Over the past month or so, I’ve been having a conversation with Iain Gray, Red Hat Vice President of Customer Engagement, about the ways companies engage with communities. I’ve also written a lot lately about common mistakes folks make in developing corporate community strategies (see my two posts about Tom Sawyer community-building here and here and Chris Brogan’s writeup here).
One idea we bounced around for a while was a mashup of community thinking and Maslow’s hierarchy of needs. For those of you who slept in with a bad hangover the day you were supposed to learn about Maslow in your intro psych class (damn you, Jagermeister!), here is the Wikipedia summary:
“[Maslow’s hierarchy of needs] is often depicted as a pyramid consisting of five levels: the lowest level is associated with physiological needs, while the uppermost level is associated with self-actualization needs, particularly those related to identity and purpose. The higher needs in this hierarchy only come into focus when the lower needs in the pyramid are met. Once an individual has moved upwards to the next level, needs in the lower level will no longer be prioritized. If a lower set of needs is no longer being met, the individual will temporarily re-prioritize those needs by focusing attention on the unfulfilled needs, but will not permanently regress to the lower level.”

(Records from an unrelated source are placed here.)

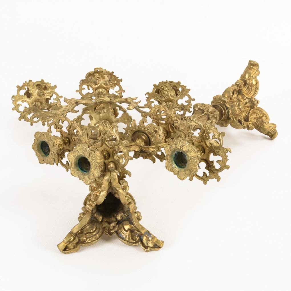 Reich im Barock-Stil mit Löwenmaskaronen und Blattwerk verzierte Leuchter. Durch abnehmbaren Armaufsatz auch 1-flammig verwendbar. 1 Arm angebrochen, sonst kaum Alters-/Gebrauchsspuren.
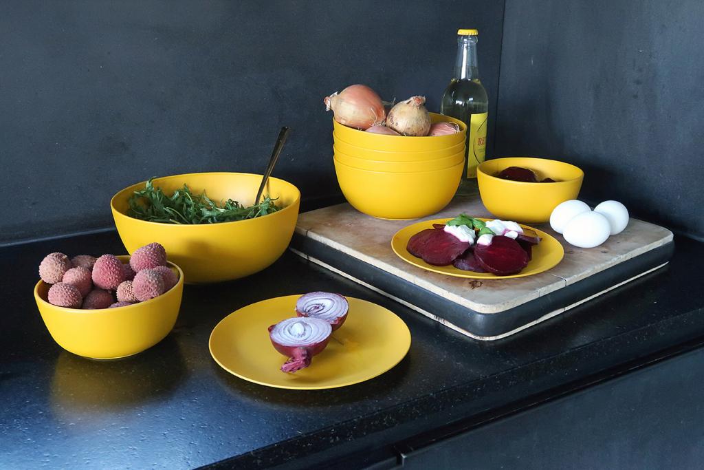 Dit servies wordt gemaakt met plantaardige wax, raapzaadolie, krijt, kiezel en glucose. Het gebruik van lokale en natuurlijke grondstoffen zorgt voor een minimale ecologische voetafdruk. Aardolie-plastic is verleden tijd! Zuperzozial laat zien dat design en duurzaamheid hand in hand gaan.
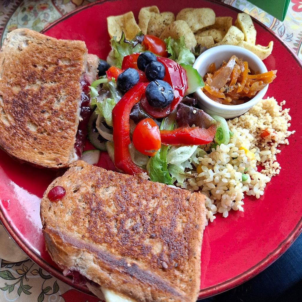 Cheese and ham toastie with couscous and salad (the meal also came witβ¦
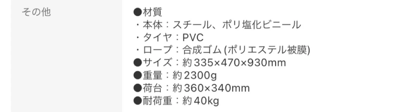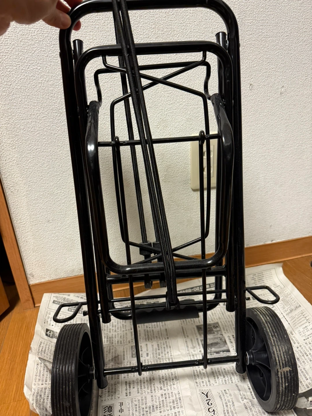 黒のベーシックなキャリーカートです。 2023年ごろヨドバシドットコムにて購入。1回だけ荷運びに使用したきりクローゼットに眠っていたので出品です。 【情報】 ・材質:スチール、ポリ塩化ビニール ・タイヤ:PVC ・ロープ:合成ゴム(ポリエステル被膜) ・サイズ:約335×470×930mm ・重量:約2300g ・荷台:約360×340mm ・耐荷量:約40kg 中古品であることをご了承ください。 江古田駅もしくは新桜台駅周辺で受け渡し希望です。
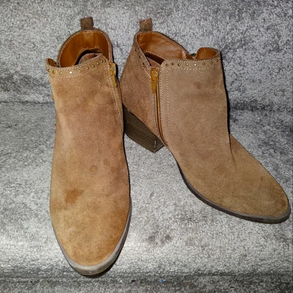 A brown chunky heel, work mini gold rhinestones, broken in just for you. These are in good condition.

Now granted, the needs of a company are very different than the needs of a human being. At its very basic level, a company has a “physiological” need to make money. If that need is not being met, little else will matter. But in an ironic twist, this basic need to make money can actually hinder the company’s ability to make money if it is not wrapped in a more self-actualized strategy.
To explain what I mean, think about the last annoying salesperson who called or emailed you. Why were you annoyed? Probably because it was very clear to you that the salesperson was badly hiding his basic motivation to make money. He wasn’t talking to you because he valued you– he was talking to your wallet.

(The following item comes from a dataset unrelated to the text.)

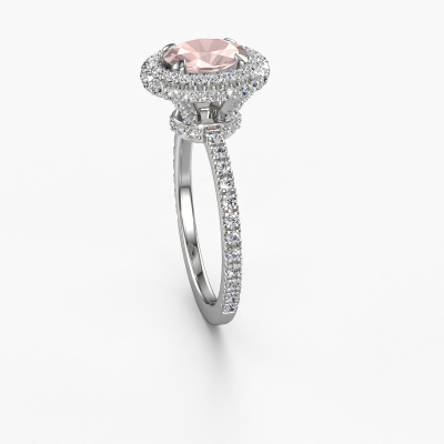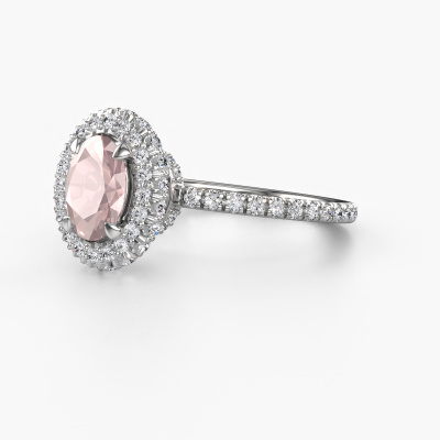 The ring shown above is called the Talitha OVL. We call this type of ring a halo ring because it has one centre gemstone and a band that is also pave set with gemstones. The 14 Carat white gold engagement ring is set with a oval 7x5 mm morganite champagne centre stone and the band is pave set with lab-grown diamonds. What makes this classic white gold halo ring special are the smaller sized stones embracing the centre stone. This gorgeous engagement ring is called a halo ring because the smaller gemstones give the centre stone a halo of surrounding light. In order for the smaller stones to enhance the centre stone, they have to be placed so there is no interference of light. And that's when our expert goldsmiths come in. Each individual stone is carefully set in the ring by hand. During manufacturing, light fall is constantly monitored to make sure the special halo is still visible. In the end you get a unique engagement ring, with a morganite champagne of your choosing at its centre. You can imagine the effect of a ring of such significance when you give it to her on her special day to shine. By using a combination of the latest modern techniques, combined with ancient crafting, we can make all our engagement rings in our own studio. Each jewel is made to order. This is advantageous because we can offer you a price you won't find anywhere else.Our designers and goldsmiths work together each day, creating new jewels. Perhaps you have found a nice classic engagement ring somewhere, which can be used to customize your unique ring. Please feel free to contact us. We will make you an offer, based on a fair price/ quality ratio, which will amaze you.To make it easier for you, we offer a 30 day return policy. Check our terms and conditions.
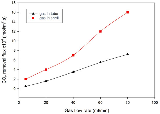 Computational fluid dynamics (CFD) and the design of experiments were performed on a membrane distillation. Simulation results revealed that the membrane module’s length strongly impacts the flux [16]. Mathematical modeling was performed for membrane contactors for CO2 absorption in different solvents. Various solvents were used in the CO2 absorption process, such as 4-diethylamino-e-butanol (DEAB), diethanolamine (DEA), and methyl diethanolamine (MDEA) in hollow fiber modules. DEAB absorption rate was competitive with MEA aqueous solutions [17]. The gas velocity in membrane gas absorption plays a significant role in improving separation performance, and the addition of baffles improves SO2 absorption performance at the critical velocity [18].

Now think about the best recent sales experience you’ve had. Mostly likely, this salesperson was being motivated by a higher purpose, perhaps something as simple as a desire to make you happy. Sometimes the most effective salespeople aren’t even in sales at all– like a friend who tells you about a new album you should buy, for example. Or sites like Trip Advisor, where you can learn about where to go on vacation from other folks like you.
When it comes to community strategy, most companies have trouble finding motivation beyond the simple need to make money– and the communities they interact with can tell.
Yet if you look at the greatest companies out there, you’ll find that they usually have a strong sense of identity and purpose– just like Maslow’s self-actualized people. Read anything by Jim Collins and you’ll see what I mean.
For a recent presentation, Iain developed a chart that looks a lot like the one below. And to embarrass Iain, let’s call it the Gray hierarchy of community needs.
Top management experts are now acknowledging the importance of creating forums and contexts inside corporations that allow peer review, transparency, and powerful natural hierarchies to flourish. Here’s one great post by Gary Hamel from earlier this year that Iain Gray pointed out today. We’ve had an open forum exactly like this at Red Hat for a very long time. We call it memo-list.
When any new employee comes into Red Hat, memo-list is one of the first great shocks to the system. Memo-list itself is not some technological marvel of a collaboration tool– it is just a simple, old skool mailing list where any Red Hat employee can post an email message that goes out to virtually every employee in the company. That’s 3000+ folks.
Memo-list has been a hot issue inside the walls of Red Hat since before I joined ten years ago. Folks tend to either love it or hate it.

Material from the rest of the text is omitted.